The research was conducted by Melissa G. Hunt, PhD, associate director of clinical training in the department of psychology at the University of Pennsylvania, and Sophia Glinski and Katalin Pritchard, both undergraduate research assistants in Hunt’s lab.
They presented their research at the Anxiety and Depression Association of America Annual Conference.
“Some work has looked at GI symptoms in athletes, but the majority of these studies have focused on how the physiology of exercise itself may give rise to GI distress, rather than an alternative, psychological explanation for symptoms,” the researchers told Healio. “Furthermore, much of the literature examining GI symptoms in athletes have focused on endurance athlete populations (eg, runners, cyclists).”

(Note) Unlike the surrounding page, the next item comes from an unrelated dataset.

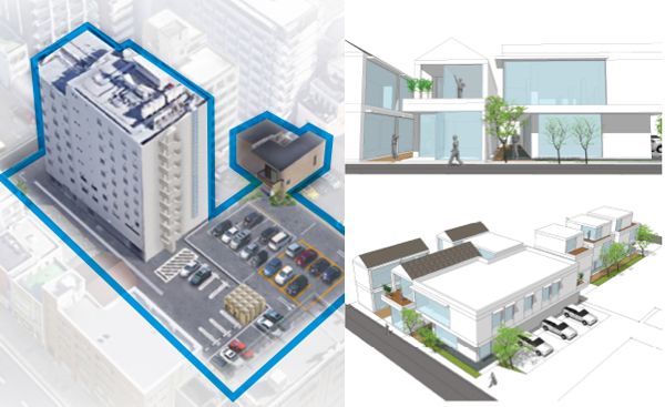 低稼働アパートを含む、街中の不整形地を開発手法を用いて有効利用

The researchers surveyed 147 undergraduate student-athletes who played 20 sports at 84 colleges and universities. The survey included questions from the Rome IV Irritable Bowel Syndrome (IBS) diagnostic questionnaire, as well as questions about GI symptoms fear of food, avoidant/restrictive food intake disorder (ARFID) fear and sports performance anxiety.
Overall, 22.3% of participants met the criteria for IBS and 32.2% reported subsyndromal GI symptoms.
Sport performance anxiety was associated with GI symptoms and anxiety about visceral sensations (both P < .001). Additionally, GI symptoms predicted fear of food and fear-based ARFID (both P < .001).
“It was surprising that there were no significant differences on measures of GI distress, fear of food, fear-based ARFID, visceral sensitivity or sports performance anxiety between student-athletes meeting IBS criteria compared with those experiencing subsyndromal IBS,” the researchers told Healio. “This highlights the alarming proportion of student athletes who are negatively impacted by GI distress, even if they aren’t meeting strict criteria for IBS.”
Moving forward, the researchers said interventions such as cognitive behavioral therapy may help improve performance anxiety and GI distress in student-athletes.